I'm sorry, but the people who actually study this for a living will tell you that they don't actually know where volition nor the sensation of volition comes from nor even if volition is a thing.

The point was there have been no advancements in the treatment of stroke patients in the 40 years since I began as a physical therapist.

Therapy is exactly the same.

You try to reconnect the will to the body as the brain heals with repetitive exercise and practice. The only things you can work with are the will of the patient and the plasticity of the brain.

Neuroscience has not provided one thing to the process in at least the last 40 years.
 
Literally 1 Google Scholar search later...

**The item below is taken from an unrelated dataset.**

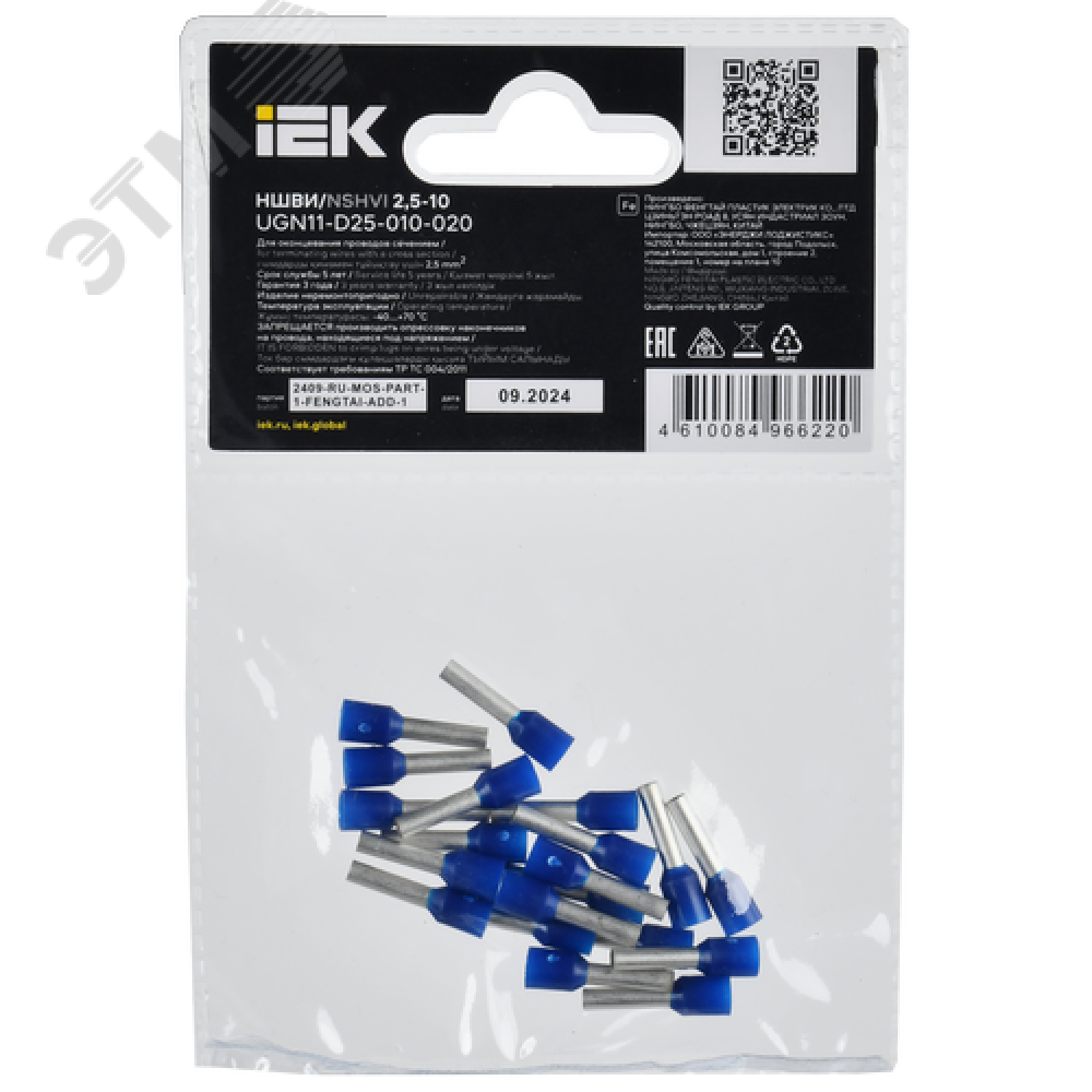 Технические характеристики Наконечник НШВИ 2,5-10 темно-синий (20шт/упак) IEK

https://link.springer.com/article/10.1007/s40141-014-0051-4

Applications of Brain–Machine Interface Systems in Stroke Recovery and Rehabilitation said:
Brain Machine Interface (BMI) Technologies

BMI systems infer the user’s intent from neural data acquired from the brain, and transform it into output variables to control screen cursors, prosthetic devices, assistive orthotic devices, etc., in real time. One of the first implementations of a brain-computer interface consisted of using an event-related potential (ERP) associated with the classical oddball paradigm to identify letters in the alphabet, which helped the user communicate through words [10]. Since then, the school of thought that primarily considered neural interfaces to be applicable only in the completely paralyzed and/or individuals who are “locked-in” and cannot communicate verbally has definitively changed, and BMIs are getting integrated into mainstream rehabilitation. The reasons for this are primarily: (a) ability to measure brain signals non-invasively that can be effectively transformed into control signals, using methods such as electroencephalography (EEG) [11, 12], magnetoencephalography (MEG) [13], and functional near-infrared spectroscopy (fNIRS) [14, 15]; (b) improvements in technology that allow relatively fast analysis of large-scale, multi-dimensional data sets; and (c) increased understanding of neuroplastic mechanisms of motor learning and adaptation [16, 17] and functional motor recovery [18], which has further catalyzed use of brain-derived neural signals in rehabilitative BMIs.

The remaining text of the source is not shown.